Emphasis mine. This is clearly in tune with the Theosophical(?) correspondence list, as it is often said akasha or aether to include all the elements within. I'm looking forward to how Pacioli approaches this idea through the solids. (I think Blavatsky has written that akasha and aether are definitely not the same thing, but I wonder if it's here an approximation that can be made without larger problems, and the differences come more crucial when moving further away from the concept of the elements and on to the idea of the akashic libraries and its scribes etc.
Utthavat wrote: Tue Jun 21, 2022 2:46 pm
Do you see that there would be an element and a solid for those two tattvas in addition to these five, that are taken into consideration by Theosophical Society but not by Golden Dawn system?
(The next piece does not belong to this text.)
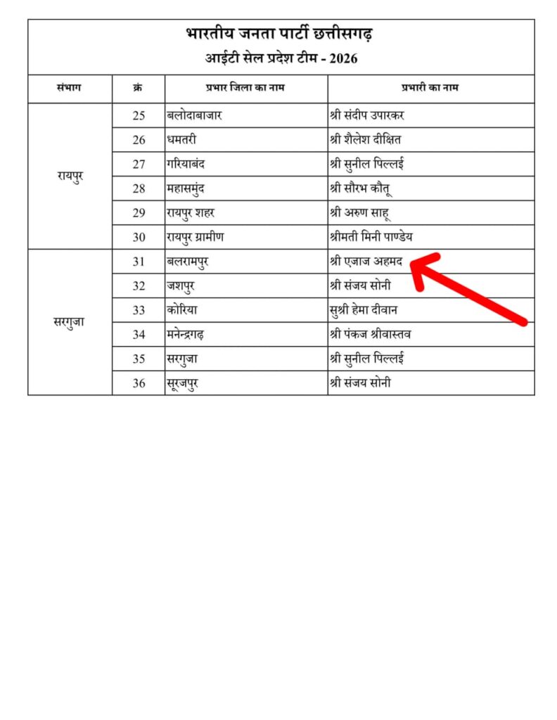 जिसमें प्रदेश संयोजक आई टी सेल सुनील पिल्लई के नेतृत्व में सूरजपुर जिले के एजाज अहमद उर्फ जिम्मी को बलरामपुर जिले का आई टी सेल प्रभारी बनाया गया है,,, गौरतलब है कि एजाज अहमद उर्फ जिम्मी पहले भी युवा मोर्चा सहित दो बार आई टी सेल के जिला संयोजक का पद संभाल चुके हैं,,,

as the last two continued in this list of reverse order are in Sanskrit:

Anupādaka ("parentless, self-existing")

and

Ādi ("first, beginning, primeval."), (Interestingly enough, Adi or Ady is also a word in Hebrew meaning "jewel, ornament")
I don't think there is a solid for these two. I'm thus far sticking to my hypothesis that the solids are modes of the womb, natural harmonics creating their own planes and modes of existence (i.e. the meaning of elements beyond the coarse symbols of their correspondences to states of matter), the first matter forming its slimey geometry to give birth to the consequent ways of being. We could possibly look at Anupādaka on this occasion through the idea of unlimited space in which limited lines of the solids begins to form the ideas of limited space. I don't think we are taking too large leaps when supposing Ādi, as the "beginning", to be the seed and the inseminator of the womb space, similar to the virginal birth of the Christ figure in Christian metaphysics.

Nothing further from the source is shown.